DOJ: 'Unfair' for BI to reimburse travelers offloaded due to long immigration assessment

enablePagination: false
maxItemsPerPage: 10
maxPaginationLinks: 10

Metro Manila (CNN Philippines, September 21) — The Department of Justice (DOJ) said it may be "unfair" for the Bureau of Immigration to shoulder all the reimbursements for travel expenses and damages caused to offloaded travelers after a delay due to prolonged immigration assessments.

Committee of Appropriations Vice Chair Rep. Peter Gonzaga, on behalf of the DOJ, said BI officers responsible for the offloading of cleared travelers will answer for their mistakes through penalties which could also include civil indemnity and damages.

"With regard to the Bureau of Immigration to absorb the liability, I don't think that it's fair," Gonzaga said Thursday during the House plenary session on the DOJ's proposed budget for 2024.

"Based po sa memorandum circular, ay hindi ka naman aabot ng 10 minuto kung kailangan kang tatanungin sa mga papeles na dala dala mo," he added.

[Translation: Based on the memorandum circular, it won't take you more than 10 minutes if you have to be asked about the papers you brought]

He made the statement after OFW Partylist Rep. Marissa Magsino asked if the BI is willing to shoulder reimbursements for "unwarranted and unnecessary, if not malicious, offloading." Magsino pointed out that 32,404 travelers missed their flights in 2022 because they were held up for questioning.

"These unfortunate incidents have been damaging to OFWs who are to leave the country for the first time and have yet to earn yet still their expenses continue to mount as a result," Magsino said.

She proposed that reimbursements be charged to collected immigration fees, which the department contested.

In June, immigration officers were slapped with complaints before the Office of the Ombudsman for inappropriate behavior in implementing departure protocols for Filipinos leaving the country. 

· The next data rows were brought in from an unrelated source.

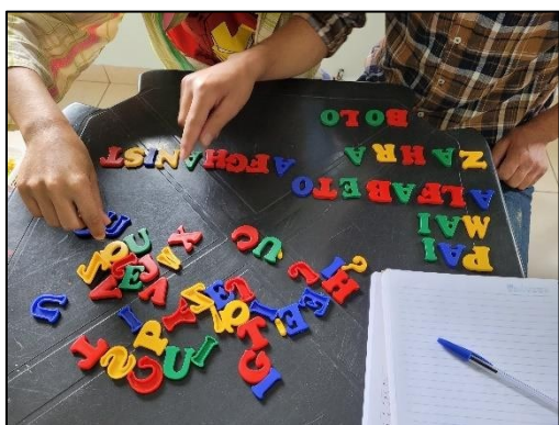
Figura 16 - Atividade pedagógica de PLA em 2022

Por questões de segurança, nos solicitaram que não publicássemos as fotos tiradas durante as aulas ou outros eventos do grupo. Mas para encerrar o registro desse momento de minha carreira docente, apresento, a seguir, algumas fotos sem exposição de rostos (Figuras 16, 17, 18 e 19), para compartilhar a abençoada oportunidade que tive de aprender com seres humanos incríveis que, naquele momento, chegavam a um país novo, sem compreender a língua, sem trabalho, longe de suas famílias, longe de suas casas e de tudo que construíram. Espero ter conseguido, ainda que minimamente, ajudá-los a reconstruir seus caminhos com esperança em dias melhores.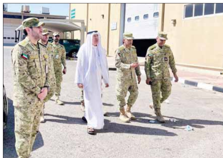
رئيس الحرس الوطني الشيخ مبارك المحمود يتفقد موقعاً تعرض للاستهداف بطائرات مسيرة

كما عبّرت المملكة عن "تضامنها مع دولة الكويت الشقيقة حكومة وشعباً"، مجددة "دعمها الكامل لكل ما تتخذه الكويت من إجراءات تحفظ سيادة وأمن واستقرار الكويت وشعبها الشقيق".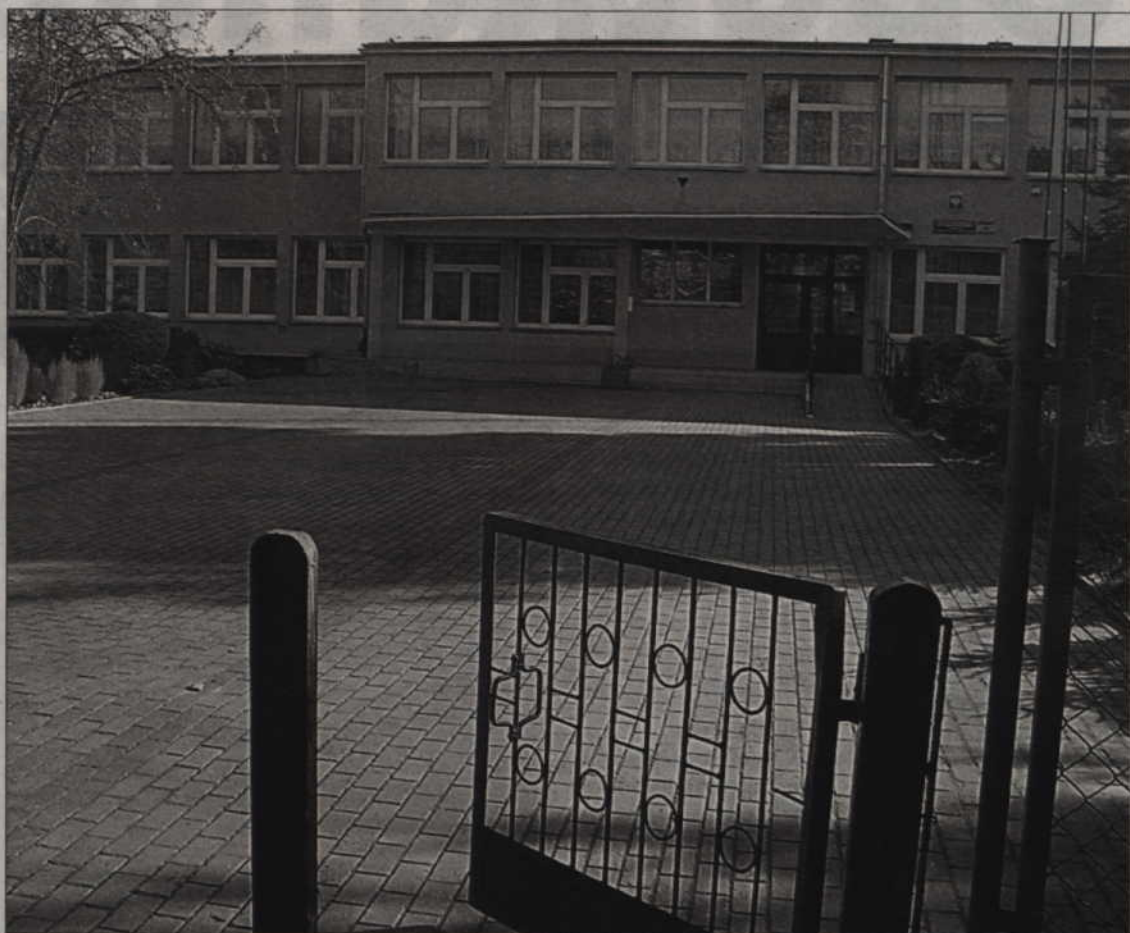
W Szkole Podstawowej nr 6 wyremontowano część posadzki i zabezpieczono klatkę schodową.

- W Szkole Podstawowej nr 4 wykonany został remont piłkochwyłów. Usta-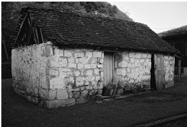
Figure 1. Auxiliary building before ruining

analizi korišćeni su antropogeografski rezultati istraživanja Ljubomira Pavlovića na području Kolubare i Podgorine.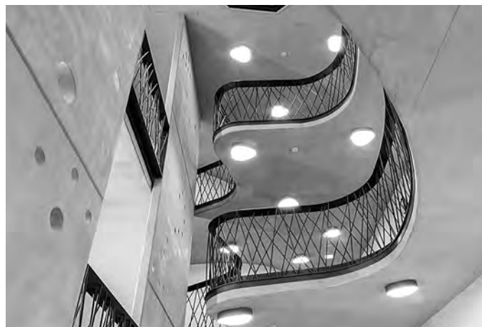
Fotos des Gebäudes, Bildrechte liegen bei Stephanie Rudolph ( https://www.li-d.de/liarde/ )

Der Neubau besticht durch seine hochwertige klassische Formgebung, die sich an Details wie z.B. gegliederten Fenstern, spitzen Dachgauben, Fensterumrahmungen und horizontaler Fassadengliederung erkennen lässt. Trotz der Verwendung überwiegend traditioneller Materialien wie Ziegel, Lehmziegel oder Holz, erfüllt das Gebäude dennoch die Erfordernisse niedrigen Energieverbrauchs und des Brandschutzes und ist innen modern nach den Erfordernissen eines zeitgemäßen Schulbetriebs gestaltet.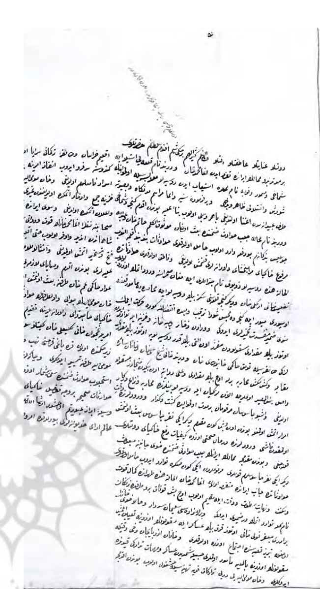
۱. گزارش یوسف پاشا والی ارزروم از تهجم کلبعلی خان نخجوانی به روستاهای قراغاب به فرمان آقامحمدخان قاجار (Osmanli arşiv belgelerinde Nahçıvan)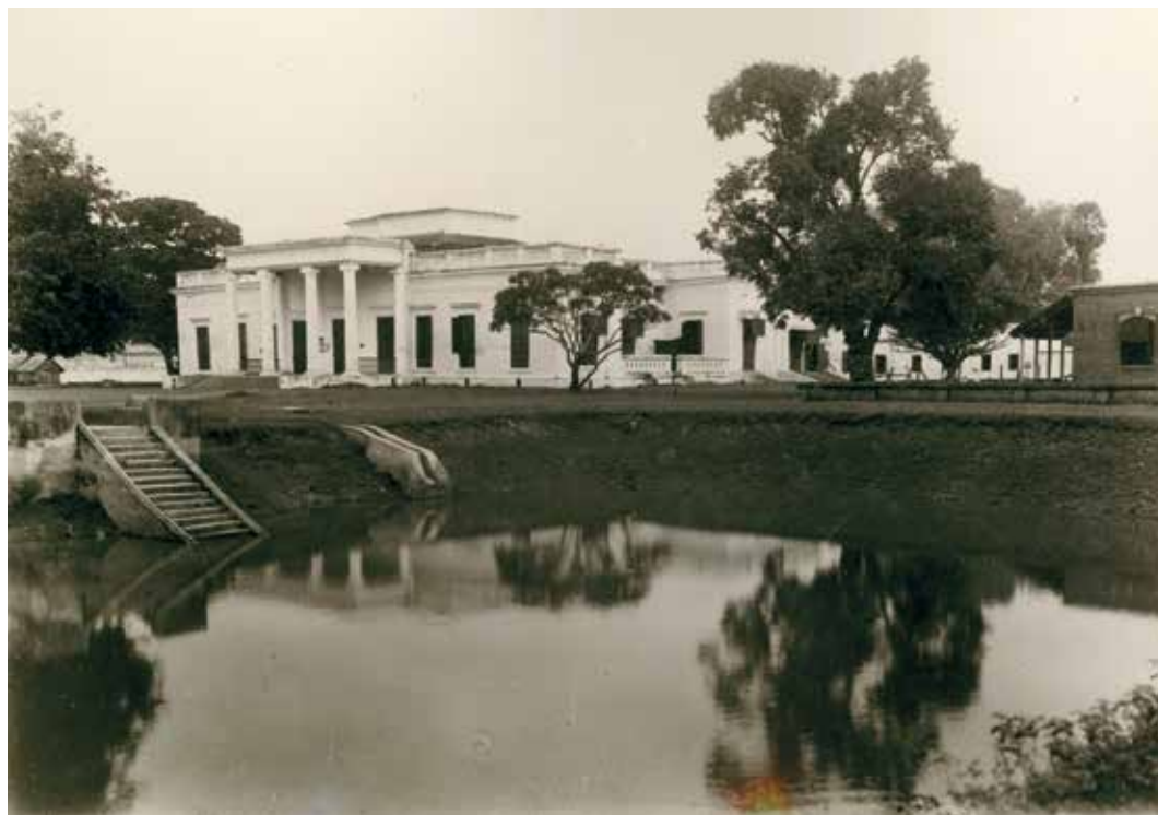
Guvernørboligen i Frederiksnagore. Opført 1771 og regnedes for at være en af byens smukkeste Bygninger (Museet for Søfart, Helsingør).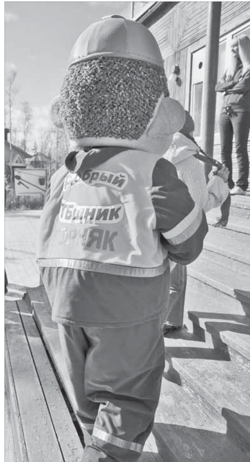
...и не только в праздник

Собравшихся встречает ростовая кукла с надписью “Добрый тэбэшник”, всем вручаются “книжки ответственности за хорошее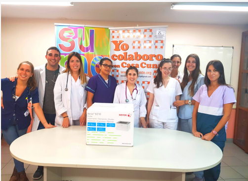
Impresora Xerox 3260 para pedidos de medicación, solicitudes de interconsultas, y la impresión de epicrisis que se entrega a la familia al momento del alta médica en el área de internación.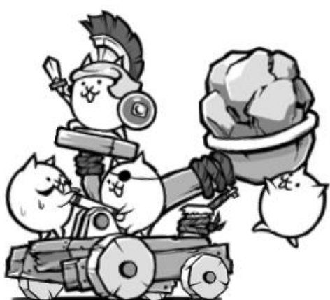
▲ 帝国陸軍カタパルズ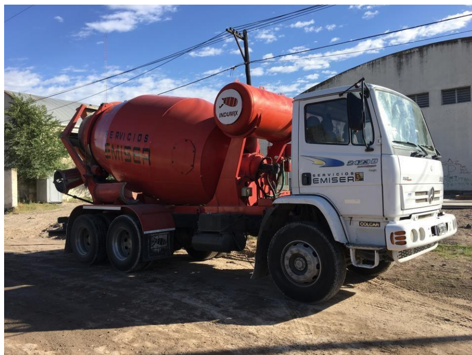
Camión mixer Mercedes Benz 177 – 2423 B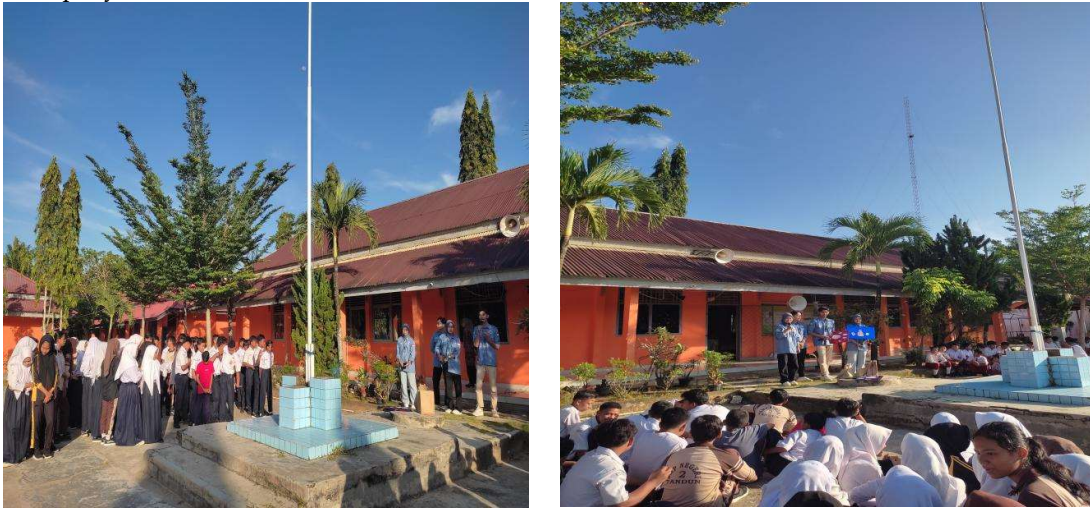
Gambar 2. Dokumentasi kegiatan

terhadap media sosial, seperti menghindari akun-akun palsu, tautan berbahaya, atau penyebaran berita hoaks.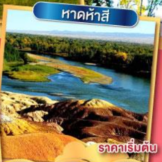
หาดห้าสี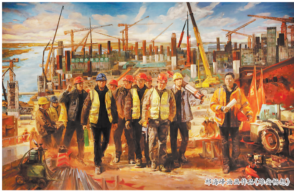
祁海峰油画作品《雄关畅想》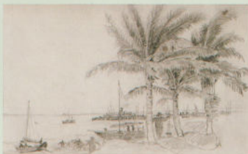
Чжэцзянь. Рыбачья гавань.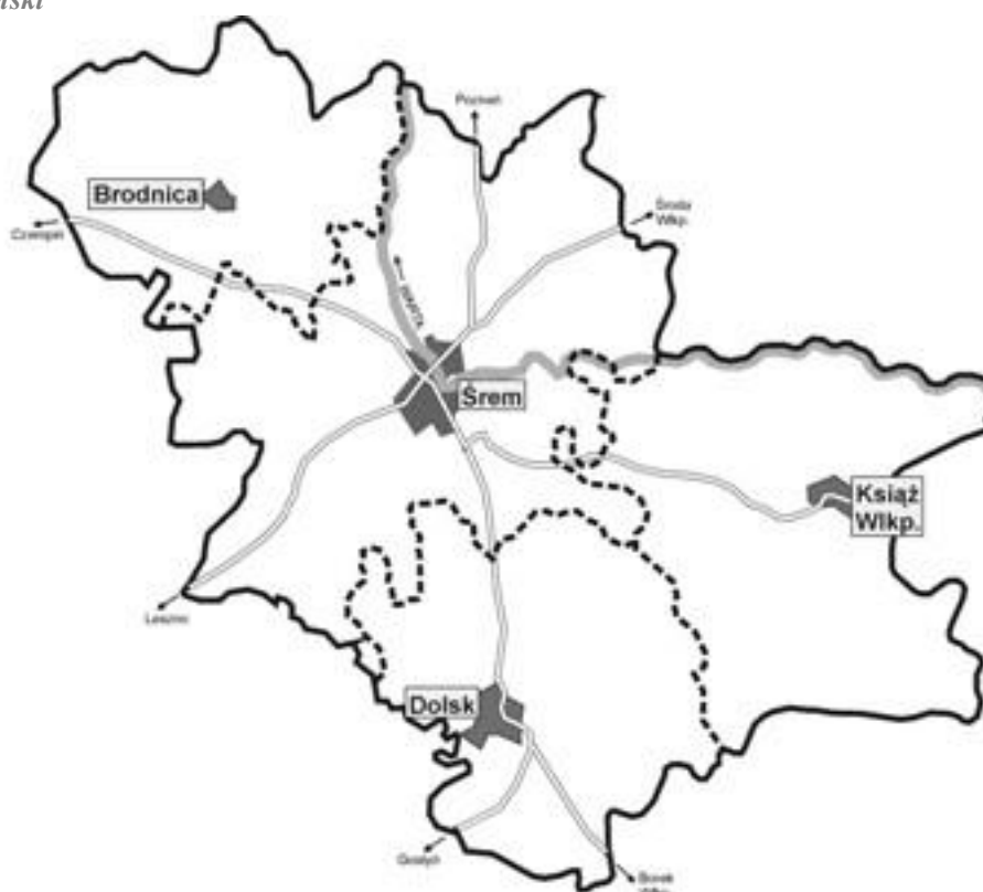
Mapa 1. Powiat Śremski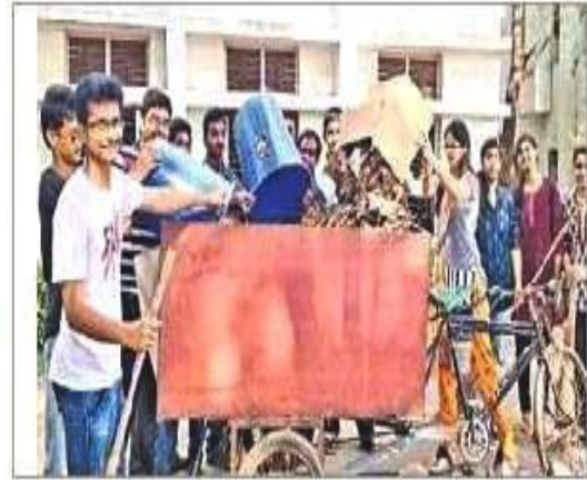
చెత్తను తొలగిస్తున్న విద్యార్థులు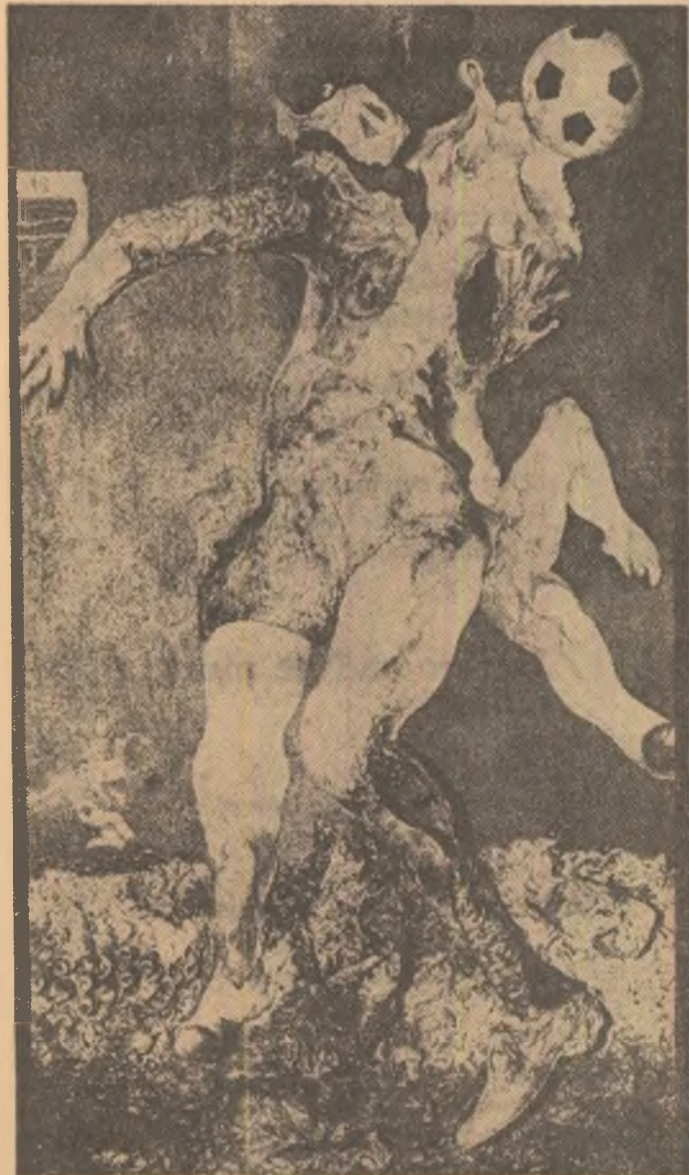
PORTAR ZBURĂTOR (Jucătorul Icar sau Jucătorul Inger) Tablou de FRITZ GENKINGER

Posts about several travelers' complaints have been circulating online, as immigration officers strictly implement protocols aimed at profiling possible victims of human trafficking.

Some of the complaints were about alleged extortion by one of its employees, and lengthy interviews, resulting in passengers missing their flights.

The Bureau previously explained that a second interview is needed for some passengers if there is reason to suspect the traveler could be a victim of human trafficking. 

Magsino reminds the bureau and its members to "exercise their authority with due diligence and care," noting that their actions could ultimately hurt the OFWs and travelers.